Otherwise, we have Cython and Numba JIT compilation in our toolkit for handling these distances with performance in mind.

• D2
• D2S
• D2*
• D2z
• D2shepp

What’s happening?

Currently searching for work, health improvements. Revitalizing resume and kmerdb project. Bugfixes, features, some new ideas.

I’d eventually like a robust Python project skeleton and configurator.

The AppMap project is having a slow start, interface as a concept is a little bit much. All it does is remind me that everything is about how things look, not how they perform. More specifically, I’m behind on my Rmarkdown because I’m not currently assessing any specific species or contrast related question. I am actually trying to understand whether to stay microbial and investigate gut microbiota, or go straight to molecular biology of human physiological pathologies. I don’t know.

I haven’t touched minikube since I moved home late last year, so that’s been phenomenal.

What’s next?

Writing an application note for kmerdb, and research papers testing inter-profile k-mer distances, local bias, motif identification, alignment, assembly, or other questions and measurably demonstrable hypotheses in and/or around the k-mer literature.

hypothesis: does enriching the promoter and motif literature add to science?

1. Paper 1: Motif structure and bias in prokaryotic pre-transcript sequences or promoters.

Hypothesis: by considering small motifs (4-12bp let’s say), we can use the sequences and their relationships, the abundances, and other information to make a UPGMA tree and/or a HMM model to describe the relationships between submotifs in the same family.
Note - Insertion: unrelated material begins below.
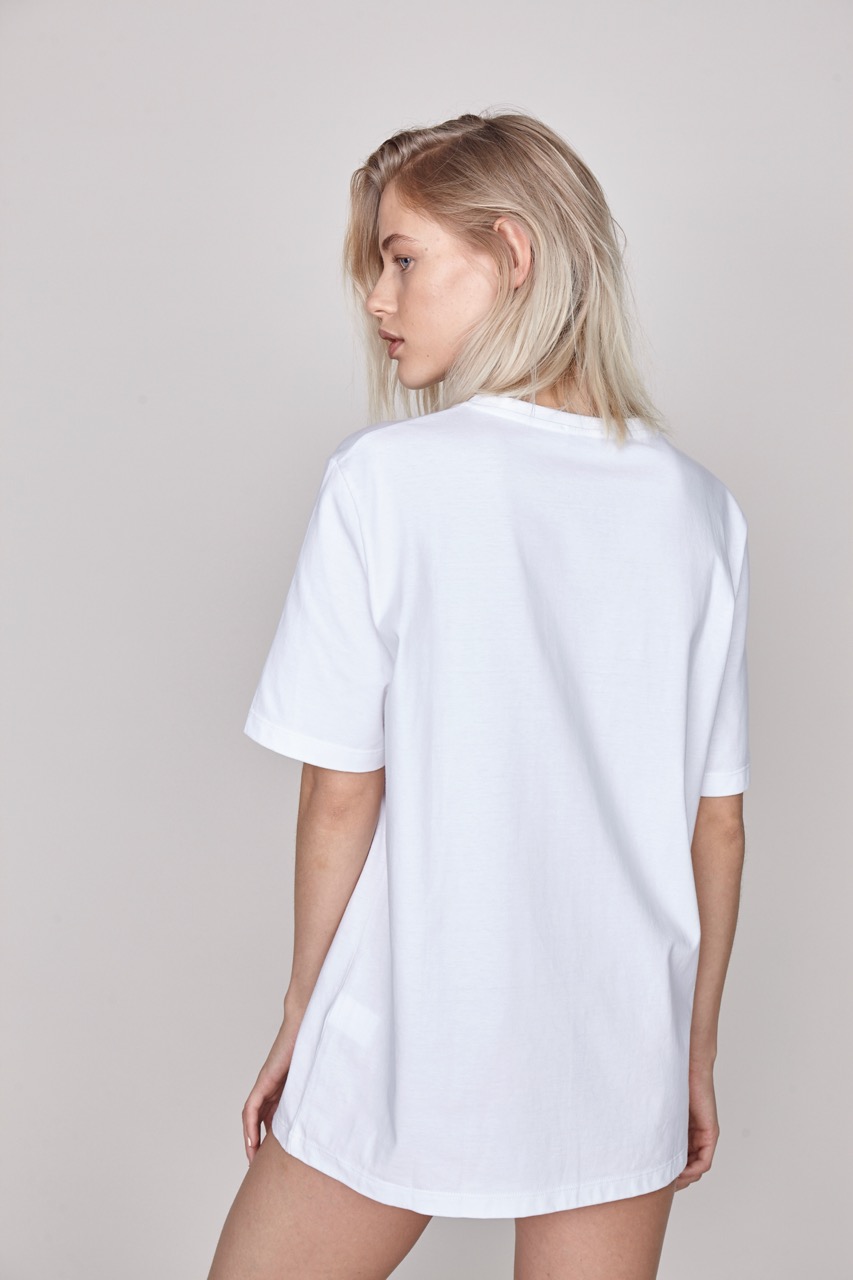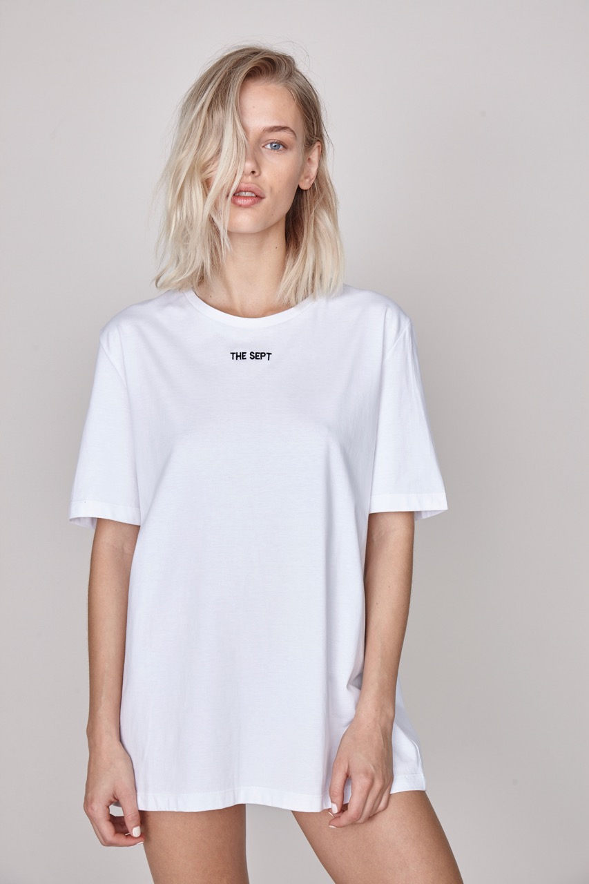 Our THE CAROLINE in a beautifully textured cotton is a modern take on the mid-sleeve tee. It is distinguished by its boyish fit and a minimalistic THE SEPT embroidery.

Does this reveal anything interesting about certain promoter sequences? How much overlap with known promoter motifs?

hypothesis: does assessing motif frequency using a combined approach of ranked and clustered motifs yield novel motifs?
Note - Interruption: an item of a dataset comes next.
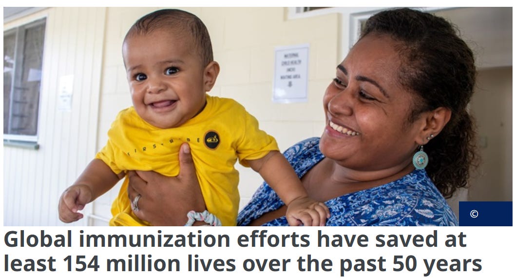 Over the past 50 years, vaccines have saved 154 million lives - of which 101 million were babies.

1. Paper 2: Terminator structural assessment and k-mer bias assessment for prokaryotic transcriptional termination regions.
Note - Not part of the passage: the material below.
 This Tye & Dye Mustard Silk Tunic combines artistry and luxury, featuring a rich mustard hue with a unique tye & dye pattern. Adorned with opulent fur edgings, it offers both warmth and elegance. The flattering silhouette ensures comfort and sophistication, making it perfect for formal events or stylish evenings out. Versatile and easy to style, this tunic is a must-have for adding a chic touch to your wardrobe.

hypothesis: does creating a map of terminator structure, bubble k-mer bias, hairpin k-mer bias, and terminator diversity in genus level compendiums add richness to the microbial ecology field?

1. Paper 3: Review of k-mer motifs, distance metrics, and early-mid alignment-free listerature (no pseudoalignment yet). hypothesis: using alignment-free approaches towards genome annotation allows analyses to be re-run as new genomic data is added, with linear time complexity, adding to the utilities of micorbial pathology and disease research physiology, microbial genomics, and whichever datasets are used in the application reports.

2. Paper 4: Application note: kmerdb

hypothesis: alignment-free methods often begin with the step of k-mer counting, when building various indices and for alignment-free methods, as well as sequence assembly. does standardizing the k-mer library drive the knowledge of pre-computed statistics of value, by virtue of programmatic access to data, associated format interconversion utilities, and familiar programmatic access?

access to a variety of k-mer count data and inter-profile distances requires accessory tools to manage large alignment-free datasets, prior to sequence assembly. By virtue of this, closer access to data such as sequence motif, or more simply ‘profiles’ of, genomic count indices permits the re-assessment of and improvement upon existing assemblies. K-mer counts are direct and proveably derived from the genomic datasets, presumably FastA or FastQ formatted data. Next to this, graphs may be assembled and delivered to assembly routines, which utilize different algorithmic and heuristic approaches to making “assembled” sequences from shorter sequence reads. Assembly algorithms might perform differently under certain genomic, ecological, or sequence repetition conditions, and assessment of available assemblies has been difficult.

Functional genomics took the scene in 2016, as research oriented away from second-generation sequencing technologies (Illumina HiSeq and MiSeq platforms) for the sheer amount of data, and back to the characteristics of high-value sequences and their functional signatures.